Le contexte pandémique dans lequel nous avons fait cette rencontre rendait d’autant plus vibrante l’importance de la présence dans mon travail, du tressage de l’intime et du collectif, du corps et de l’esprit, du souffle et du geste. En racontant les points de repère de ma trajectoire, je dessinais les contours de mon territoire poétique au présent, je découvrais (dans tous les sens du mot) ce qui palpite toujours à l’intérieur de moi, mais aussi, je dévoilais certains points de rupture et de questionnements : comment (re)trouver de nouveaux contextes de création qui rendent possible d’aller plus loin, plus profondément, ensemble ? Comment rester, ne pas quitter, ce monde où je ne me reconnais plus ? Comment ne pas tomber dans le piège d’un art « créatif » plutôt que véritablement visionnaire, pour reprendre les mots de l’artiste américaine Estella Conwill Májozo ? C’est d’ailleurs sur un extrait d’un de ses textes que j’ai conclu ma présentation :

« All artists are able to display their craft without exertion and engagement that marks a performance from the soul. An artist can simply project his or her persona while remaining detached from the performance and the audience. But if you are “working the sounds” – if you are involved in something that engages you; confronting your own prejudices, fears, and limitations, rather than merely presenting what you already know; feeling your discomfort and taking that discomfort into the terrain where the truth exposes you – then you are quite possibly in the territory of the vision. You are close to grasping the mystery of the healing. You are then, only then, within reach of the gift that you can bring back to the world. »

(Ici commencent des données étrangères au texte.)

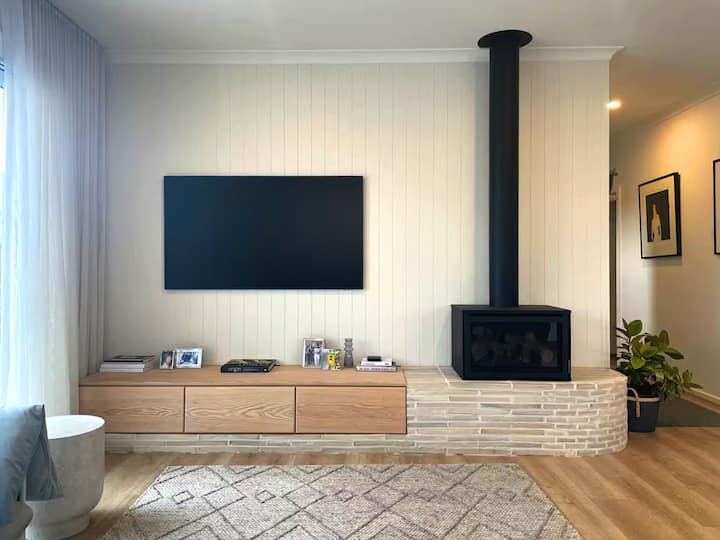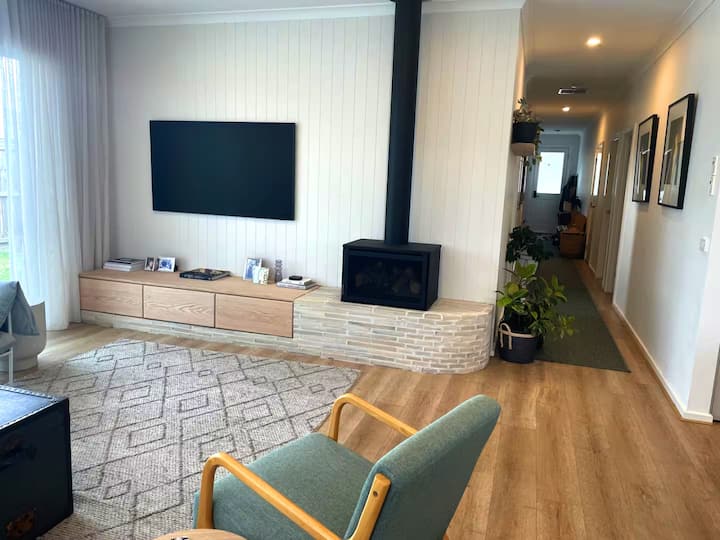 Malazi yanajumuisha ua lililofungwa kwa ajili ya watoto na wanyama vipenzi kucheza kwa usalama, eneo la kuchoma nyama lenye sebule ya kisasa ya nje, bwawa la kuogelea lenye joto na viti vya kupumzikia jua na kivuli cha mwavuli. Kuna mfumo wa kupasha joto na mahali pa kuota moto ya ndani (gesi), mfumo wa kupoza na feni za dari katika vyumba vyote vya kulala na eneo la alfresco, pamoja na vifaa vyote vya kisasa vinavyohitajika kwa ajili ya ukaaji wa starehe kutoka kwa huduma za kutazama mfululizo wa vipindi/vitengo vya filamu kupitia Netflix hadi Wi-Fi ya kasi ya juu ya NBN Aussie.
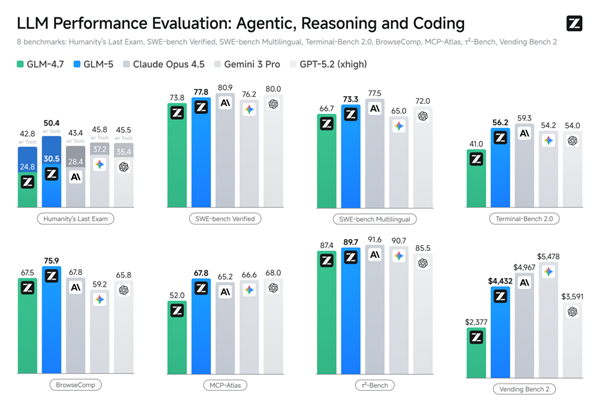 GLM-5定位为当下顶尖的Coding编程模型,整体性能较上一代提升20%。
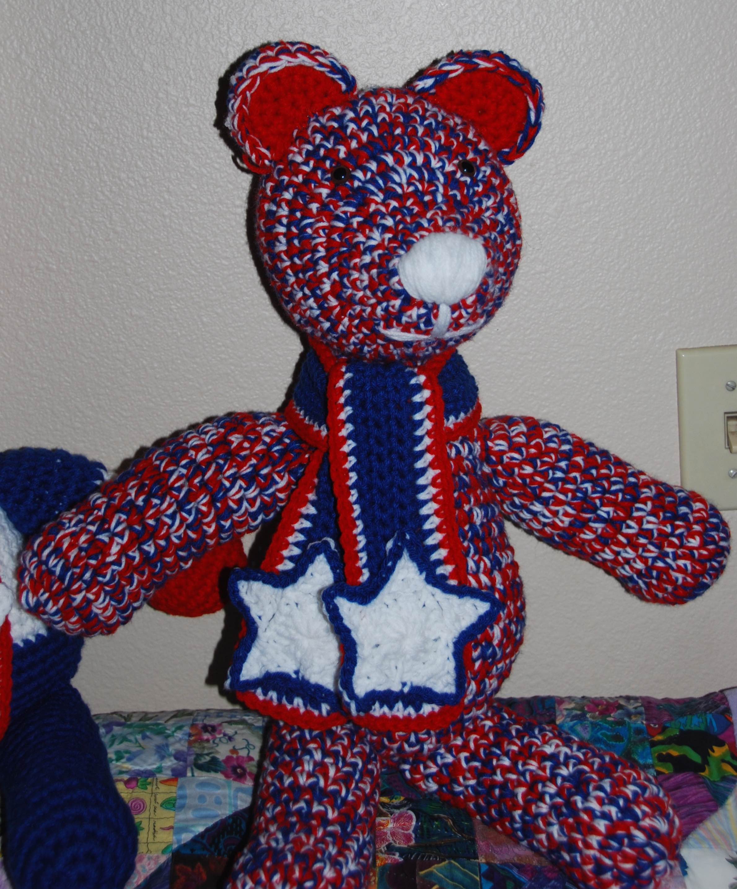 I finished the teddy bears scarf this morning! Now he looks complete and adorable!
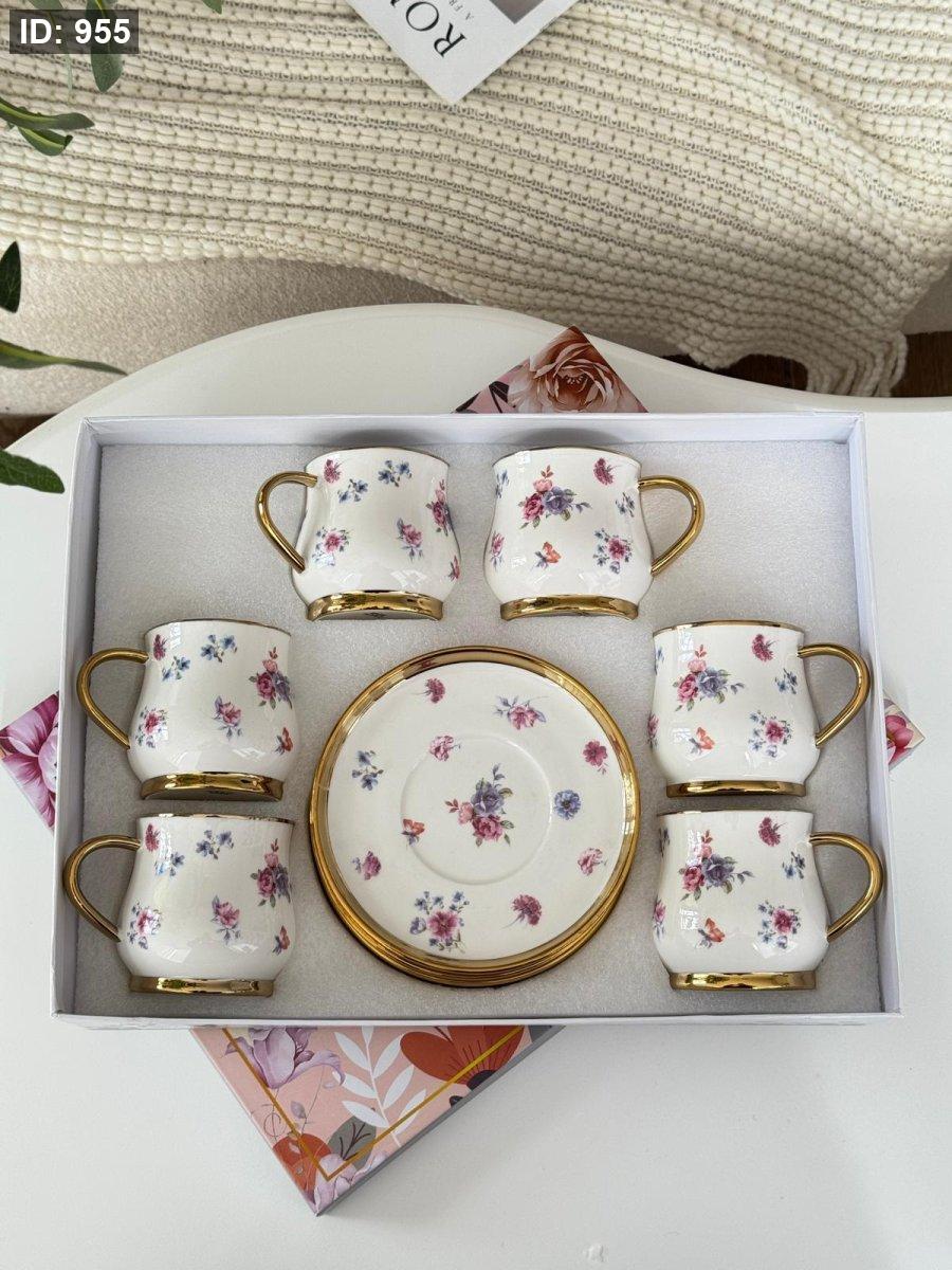 طقم فناجين مورد مذهب 6+6
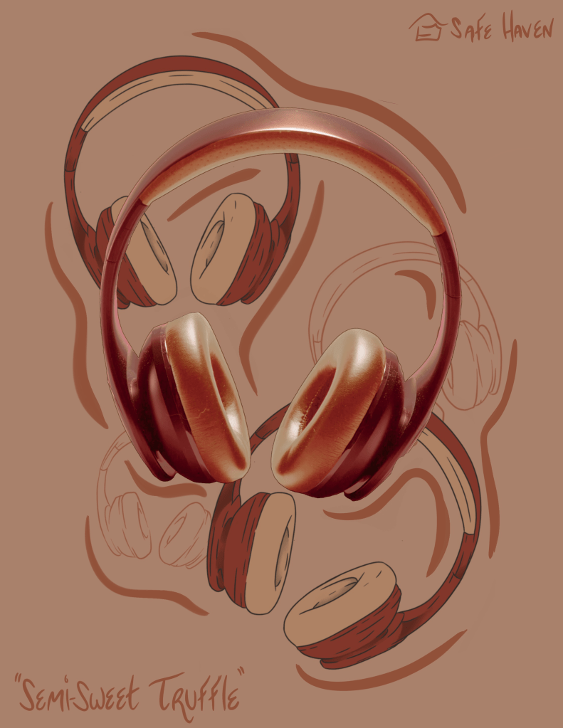 In order to create an effective and individual set of headphones and stand I needed to develop a new skill. I picked up the program Blender, that way my sketch can fully become by reality. This mean the stand and headphones are fully my own design with plenty of details not seen in the advertisements.
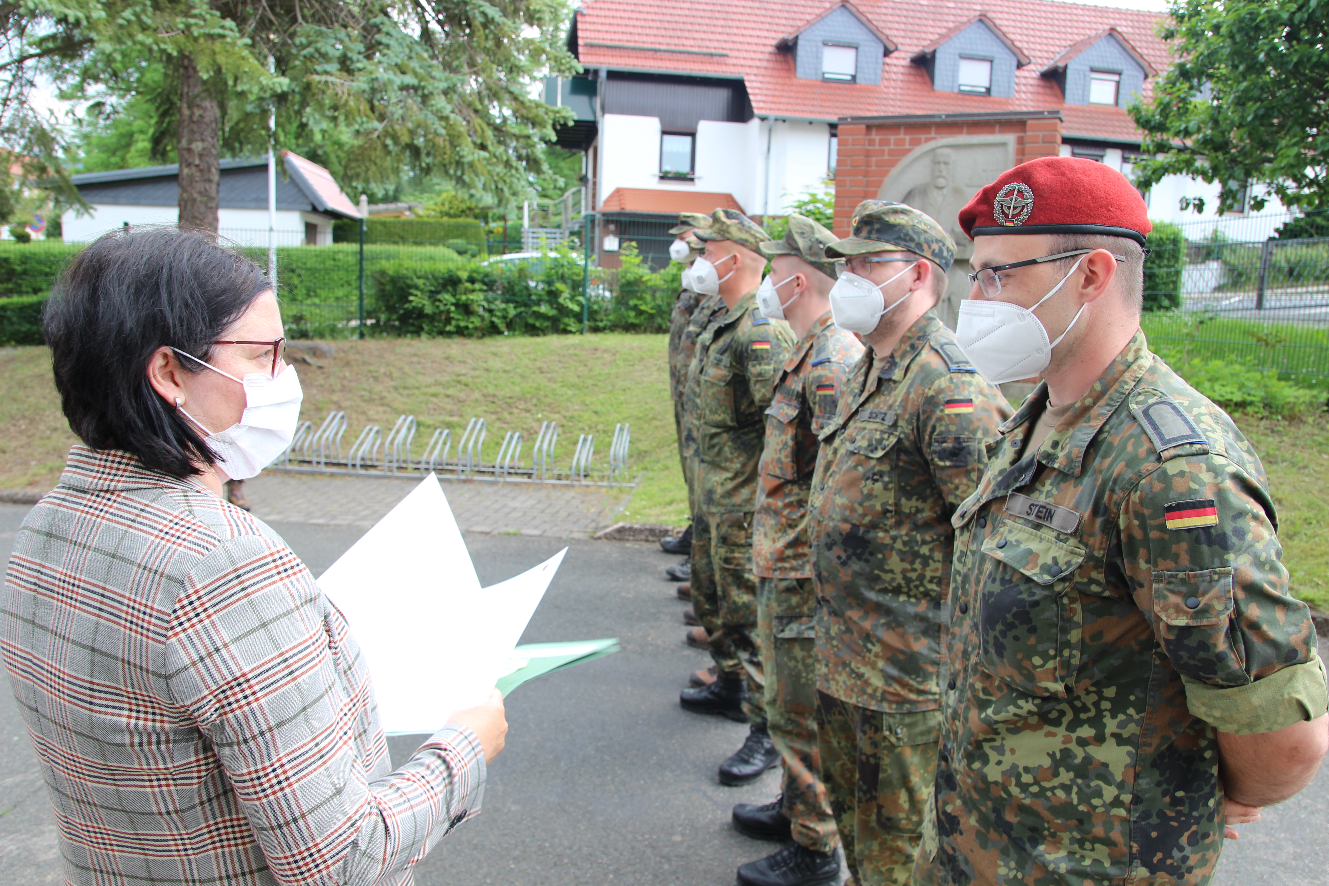 Mit großem Dank überreichte die Dezernentin Urkunden im Namen des Landrates sowie Präsentkörbe an die Soldaten.

To Search for the Good and Make It Matter, dans Mapping the Terrain. New Genre Public Art. Publication sous la direction de Suzanne Lacy (Bay Press, 1995), 93.

Virginie Chrétien

Lors de cette journée d’étude, j’ai remonté le temps en observant des projets phares liés à ma vie artistique professionnelle; les récurrences, les forces et la singularité indéniable de mon langage. À ce constat, celui d’être le plus souvent prise d’un sentiment d’insatisfaction. En moi ça dit : « non, ça ne marche pas ». Pourtant, pour les personnes qui font l’expérience de mes œuvres, il semble que ma poésie les pénètre, que ma manière de rendre les objets et l’espace actifs en installation soit saisissante et sensible et que l’ensemble contribue à offrir une expérience hors de l’ordinaire susceptible de transformer notre regard sur le monde.

Ma réflexion actuelle consiste à comprendre, à travers une nouvelle recherche-création, comment je pourrais continuer à faire de l’art, à avoir une pratique artistique, en trouvant un nouveau modèle de pratique, des nouveaux dispositifs de partage de mon travail – dans sa durée, son format, son réseau et sa famille d’appartenance – afin de vivre en moi un véritable sentiment d’adéquation.

Aujourd’hui je suis consciente que ce sentiment d’adéquation est intimement lié à celui de parvenir à ce que créer et partager mon art fasse du sens, et cela dans tous les temps de l’œuvre et de l’œuvrement; de la production à la post-diffusion.